### Assigned task:
Omit the pictures and reproduce the rest of the listing exactly.

### Supplied information:
══════
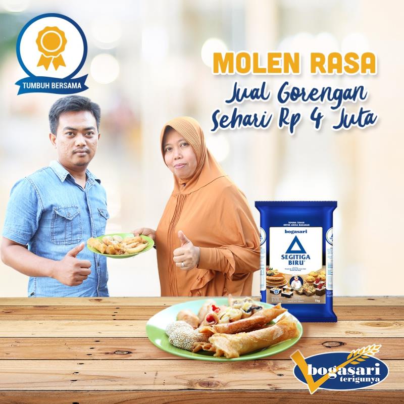 Awalnya dagangan mereka hanya menghabiskan 3 kg terigu Segitiga Biru untuk membuat gorengan pisang molen, tahu dan tempe. Mereka pun menekuni dengan sungguh dan semakin berkembang. Konsumsi terigu Segitiiga Biru menjadi 25 kg atau 1 sak sehari untuk membuat 600 kulit molen dan 15 kg terigu Cakra Kembar untuk membuat kulit pisang caramel.
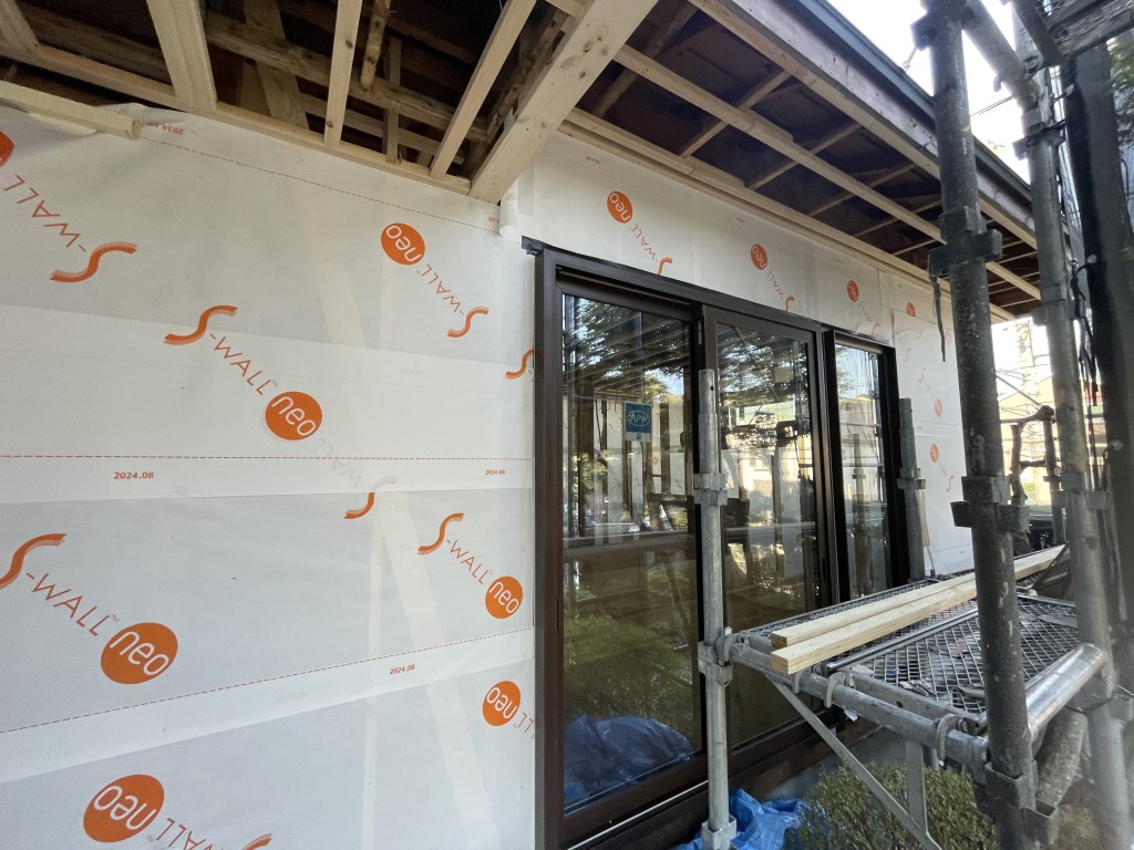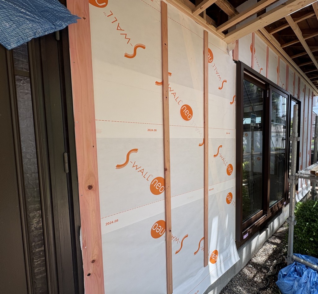 防水シートが貼り終わりサイディングを貼るために必要な胴縁を設置![]()
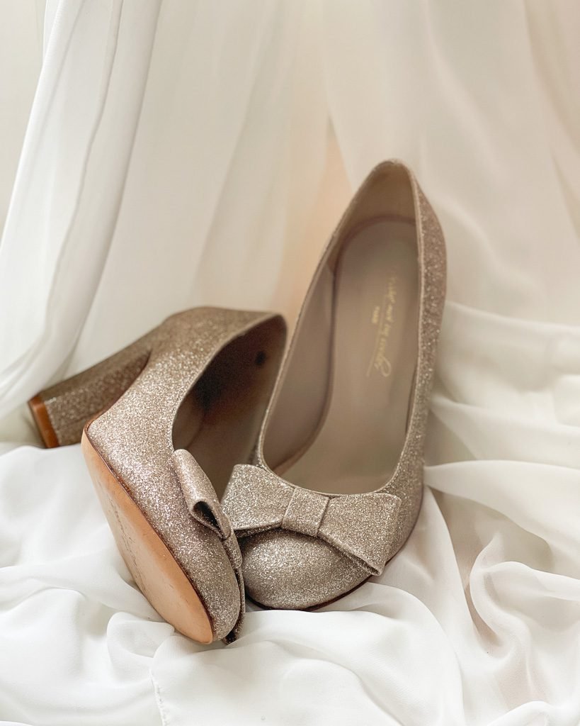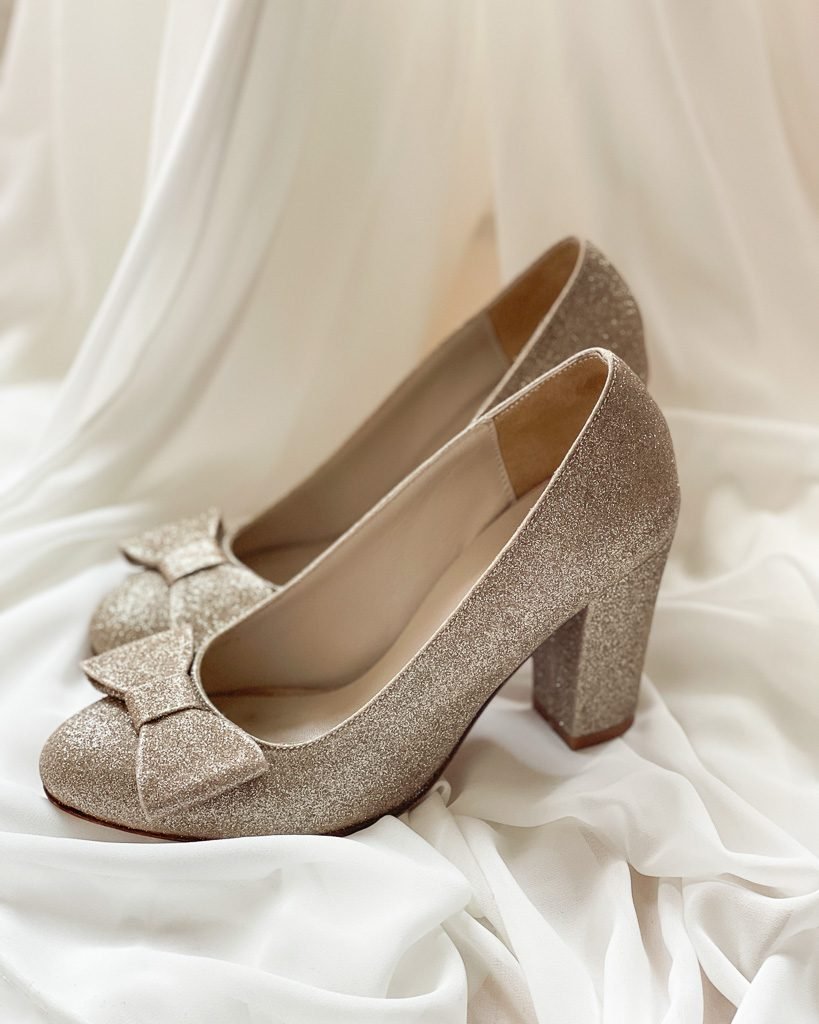 Round-toe slingback in fine blond gold sequins, 8cm chunky heel. Lisa bow in fine blond gold sequins.
══════
### Answer section:
 Awalnya dagangan mereka hanya menghabiskan 3 kg terigu Segitiga Biru untuk membuat gorengan pisang molen, tahu dan tempe. Mereka pun menekuni dengan sungguh dan semakin berkembang. Konsumsi terigu Segitiiga Biru menjadi 25 kg atau 1 sak sehari untuk membuat 600 kulit molen dan 15 kg terigu Cakra Kembar untuk membuat kulit pisang caramel.
 防水シートが貼り終わりサイディングを貼るために必要な胴縁を設置![]()
 Round-toe slingback in fine blond gold sequins, 8cm chunky heel. Lisa bow in fine blond gold sequins.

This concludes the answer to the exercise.